What exactly is the HbA1c, and how did it come to be a measurement of average blood sugar for 3 months?
The HbA1c test (hemoglobin A1c test, glycosylated hemoglobin A1c test, glycohemoglobin A1c test, or A1c test) is a laboratory test which reveals average blood glucose over a period of two to three months. It measures the number of glucose molecules attached to hemoglobin, a substance in red blood cells.

The test takes advantage of the lifecycle of red blood cells, the duration of which is approximately 120 days. So by measuring attached glucose in the red blood cell, the average blood sugar level over the previous three months can be determined. The level of HbA1c at any point in time is contributed to by all circulating erythrocytes, from the oldest (120 days old) to the youngest. However, HbA1c is a “weighted” average of blood glucose levels during the preceding 120 days, with the youngest erythrocytes contributing to a greater extent than the older ones. Approximately 50% of the glycated hemoglobin level is determined by plasma glucose levels over the previous month, and 75% during the previous 2 months.

How is HbA1c measured?
Laboratories use High Performance Liquid Chromatography or Immunoassay. In the United States, the National Glycohemoglobin Standardization Program (NGSP) began in 1996, with the goal of standardizing glycated hemoglobin tests to the high-performance liquid chromatography (HPLC) method reported as HbA1c as used in the 1993 Diabetes Control and Complications Trial (DCCT). There are several types of certified methods available for measuring hemoglobin A1c: immunoassay, ion-exchange HPLC, electrophoresis, boronate affinity HPLC, and enzyme methods. Reliable bench-top point of care analyzers, such as the one which uses a cassette-based immunoassay method, are also now available for clinic use.

Results can be unreliable in many circumstances, such as after blood loss, blood transfusions, anemia, or high erythrocyte turnover; in the presence of chronic renal or liver disease; after administration of high dose vitamin C; or erythropoeitin treatment.

Lower-than-expected levels of HbA1c can be seen in people with shortened red blood cell lifespan, such as with glucose-6-phosephate dehydrogenase deficiency, sickle-cell disease or any other condition causing premature red blood cell death. On the converse, higher¬than-expected levels can be seen in people with a longer red blood cell lifespan, such as with Vitamin B12 or Folate deficiency.

HbA1c is increased in patients with renal failure, when measured by ion-exchange chromatography. Interference by carbamylated hemoglobin can occur with uremia, hypertriglyceridemia and hyperbilirubinemia, and salicylates can cause interference by acetylated species.

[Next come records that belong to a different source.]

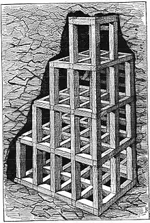 Square-set timbering as used in the Comstock mines, 1877.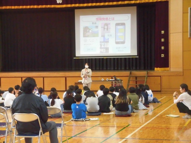 6年生は体育館に集まり、ネットリテラシー醸成講座を行いました。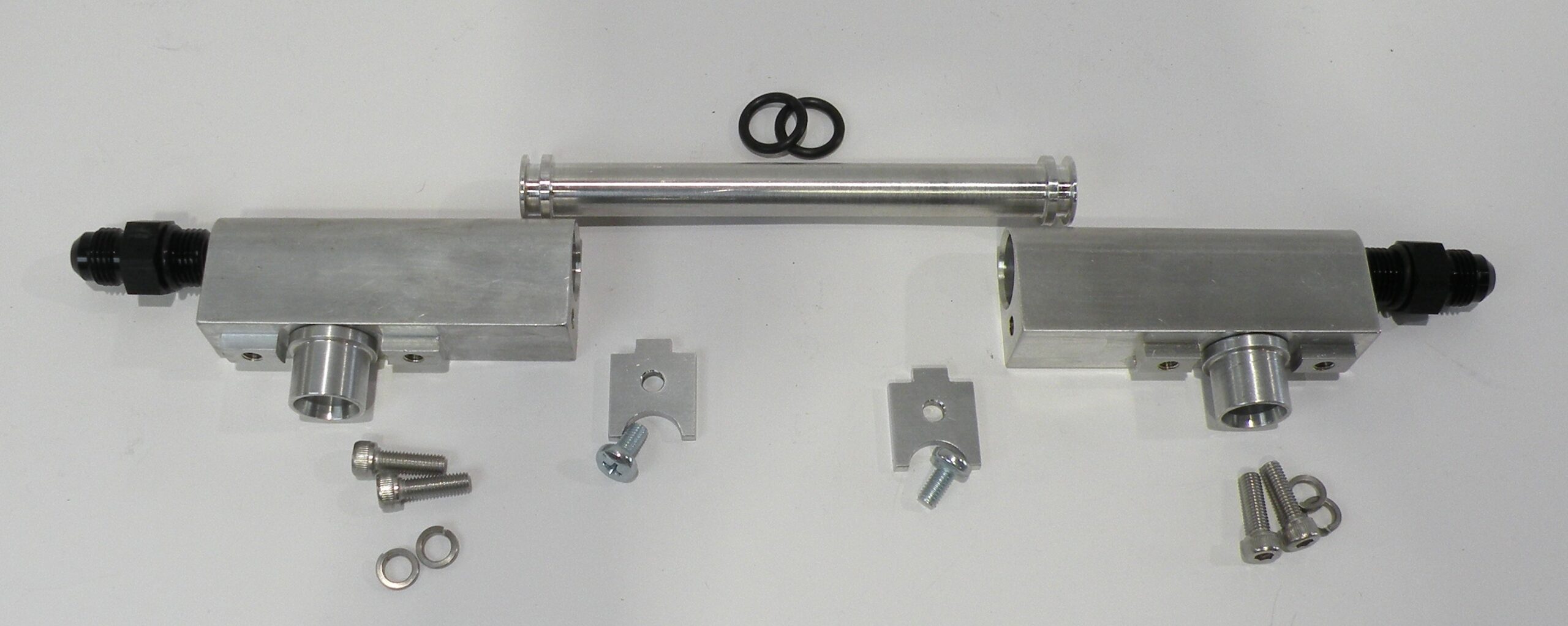 Natural finish aluminum fuel rails for mounting to Borla SU throttles. For use with EV14 style injectors (52.2mm between injector O-rings). Includes -6 AN fittings, joining tube and mounting hardware.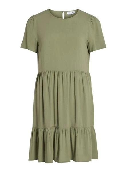 Robe Vila. Modèle Vipaya. Couleur verte. Col rond élastique. Manches courtes. Volants sur le bas. Tissu fluide. Fermeture avec bouton au cou. Le mannequin porte la taille S.
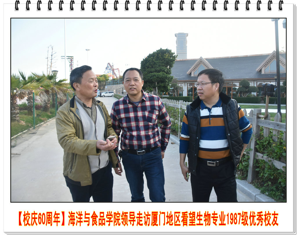 2018年3月31日,海洋与食品学院院长袁建军教授、书记蔡英卿教授与学校科研处处长戴聪杰教授赴厦门市走访看望生物专业1987级优秀校友、厦门市教育事务受理中心主任蒋思彬、厦门湖里区金尚中学叶琳、同安区洪塘中学庄建成、翔安区刘五店中学陈国民。袁建军一行与校友进行了热烈的交流和对接,并希望在60周年校庆即将到来之际,搭建好校友与母校畅通的交流合作渠道。

In summary, HbA1c is a very useful tool in the diagnosis and monitoring of prediabetes and diabetes. Its use should be combined with data from other parameters such as a glucose tolerance test or home blood sugar monitoring, in order to guide management more precisely. It has intricate standardization measures, and is influenced by disorders of red blood cell lifespan and other biochemical interferences. Interpretation of HbA1c considers all these factors in every unique situation, and is best guided by your doctor.